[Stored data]
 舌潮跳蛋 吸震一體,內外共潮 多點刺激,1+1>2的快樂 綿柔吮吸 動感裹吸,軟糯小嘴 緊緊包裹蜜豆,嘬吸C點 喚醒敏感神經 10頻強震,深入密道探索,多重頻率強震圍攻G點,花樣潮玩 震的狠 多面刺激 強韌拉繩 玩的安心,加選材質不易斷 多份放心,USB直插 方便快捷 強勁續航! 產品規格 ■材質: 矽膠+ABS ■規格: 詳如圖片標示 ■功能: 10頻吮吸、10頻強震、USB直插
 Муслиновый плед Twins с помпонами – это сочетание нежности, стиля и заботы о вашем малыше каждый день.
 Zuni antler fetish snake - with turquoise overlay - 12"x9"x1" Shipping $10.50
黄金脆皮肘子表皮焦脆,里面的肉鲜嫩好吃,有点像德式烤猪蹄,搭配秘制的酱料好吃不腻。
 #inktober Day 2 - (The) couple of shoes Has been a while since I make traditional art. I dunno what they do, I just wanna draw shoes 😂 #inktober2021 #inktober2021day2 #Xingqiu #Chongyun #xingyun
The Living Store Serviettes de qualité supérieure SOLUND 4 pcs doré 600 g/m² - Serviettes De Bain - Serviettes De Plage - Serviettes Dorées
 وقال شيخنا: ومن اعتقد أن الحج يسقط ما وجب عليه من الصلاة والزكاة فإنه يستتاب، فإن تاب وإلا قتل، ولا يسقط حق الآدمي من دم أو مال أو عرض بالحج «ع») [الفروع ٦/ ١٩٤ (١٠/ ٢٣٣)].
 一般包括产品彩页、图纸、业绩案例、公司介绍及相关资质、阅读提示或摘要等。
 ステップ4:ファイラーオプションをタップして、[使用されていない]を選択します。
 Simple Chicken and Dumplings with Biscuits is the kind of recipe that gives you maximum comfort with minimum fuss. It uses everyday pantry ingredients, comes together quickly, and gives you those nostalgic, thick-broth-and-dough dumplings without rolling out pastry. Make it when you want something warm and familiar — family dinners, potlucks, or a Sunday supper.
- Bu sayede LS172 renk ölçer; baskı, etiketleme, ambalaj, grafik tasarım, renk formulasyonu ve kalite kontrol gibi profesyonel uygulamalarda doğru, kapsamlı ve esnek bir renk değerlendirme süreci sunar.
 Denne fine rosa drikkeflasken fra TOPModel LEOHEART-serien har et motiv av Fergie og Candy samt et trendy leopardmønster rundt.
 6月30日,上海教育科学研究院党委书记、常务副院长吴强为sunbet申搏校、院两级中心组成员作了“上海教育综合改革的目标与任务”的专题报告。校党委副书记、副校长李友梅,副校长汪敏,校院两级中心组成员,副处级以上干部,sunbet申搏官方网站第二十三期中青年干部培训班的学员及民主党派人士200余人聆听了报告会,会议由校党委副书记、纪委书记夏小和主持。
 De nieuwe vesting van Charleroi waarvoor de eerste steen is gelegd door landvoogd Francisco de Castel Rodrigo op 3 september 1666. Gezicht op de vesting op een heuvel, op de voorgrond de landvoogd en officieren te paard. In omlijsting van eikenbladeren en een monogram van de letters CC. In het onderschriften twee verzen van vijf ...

== What needs to be done ==
The records above must be set down again exactly as written.

== Written answer ==
 舌潮跳蛋 吸震一體,內外共潮 多點刺激,1+1>2的快樂 綿柔吮吸 動感裹吸,軟糯小嘴 緊緊包裹蜜豆,嘬吸C點 喚醒敏感神經 10頻強震,深入密道探索,多重頻率強震圍攻G點,花樣潮玩 震的狠 多面刺激 強韌拉繩 玩的安心,加選材質不易斷 多份放心,USB直插 方便快捷 強勁續航! 產品規格 ■材質: 矽膠+ABS ■規格: 詳如圖片標示 ■功能: 10頻吮吸、10頻強震、USB直插
 Муслиновый плед Twins с помпонами – это сочетание нежности, стиля и заботы о вашем малыше каждый день.
 Zuni antler fetish snake - with turquoise overlay - 12"x9"x1" Shipping $10.50
黄金脆皮肘子表皮焦脆,里面的肉鲜嫩好吃,有点像德式烤猪蹄,搭配秘制的酱料好吃不腻。
 #inktober Day 2 - (The) couple of shoes Has been a while since I make traditional art. I dunno what they do, I just wanna draw shoes 😂 #inktober2021 #inktober2021day2 #Xingqiu #Chongyun #xingyun
The Living Store Serviettes de qualité supérieure SOLUND 4 pcs doré 600 g/m² - Serviettes De Bain - Serviettes De Plage - Serviettes Dorées
 وقال شيخنا: ومن اعتقد أن الحج يسقط ما وجب عليه من الصلاة والزكاة فإنه يستتاب، فإن تاب وإلا قتل، ولا يسقط حق الآدمي من دم أو مال أو عرض بالحج «ع») [الفروع ٦/ ١٩٤ (١٠/ ٢٣٣)].
 一般包括产品彩页、图纸、业绩案例、公司介绍及相关资质、阅读提示或摘要等。
 ステップ4:ファイラーオプションをタップして、[使用されていない]を選択します。
 Simple Chicken and Dumplings with Biscuits is the kind of recipe that gives you maximum comfort with minimum fuss. It uses everyday pantry ingredients, comes together quickly, and gives you those nostalgic, thick-broth-and-dough dumplings without rolling out pastry. Make it when you want something warm and familiar — family dinners, potlucks, or a Sunday supper.
- Bu sayede LS172 renk ölçer; baskı, etiketleme, ambalaj, grafik tasarım, renk formulasyonu ve kalite kontrol gibi profesyonel uygulamalarda doğru, kapsamlı ve esnek bir renk değerlendirme süreci sunar.
 Denne fine rosa drikkeflasken fra TOPModel LEOHEART-serien har et motiv av Fergie og Candy samt et trendy leopardmønster rundt.
 6月30日,上海教育科学研究院党委书记、常务副院长吴强为sunbet申搏校、院两级中心组成员作了“上海教育综合改革的目标与任务”的专题报告。校党委副书记、副校长李友梅,副校长汪敏,校院两级中心组成员,副处级以上干部,sunbet申搏官方网站第二十三期中青年干部培训班的学员及民主党派人士200余人聆听了报告会,会议由校党委副书记、纪委书记夏小和主持。
 De nieuwe vesting van Charleroi waarvoor de eerste steen is gelegd door landvoogd Francisco de Castel Rodrigo op 3 september 1666. Gezicht op de vesting op een heuvel, op de voorgrond de landvoogd en officieren te paard. In omlijsting van eikenbladeren en een monogram van de letters CC. In het onderschriften twee verzen van vijf ...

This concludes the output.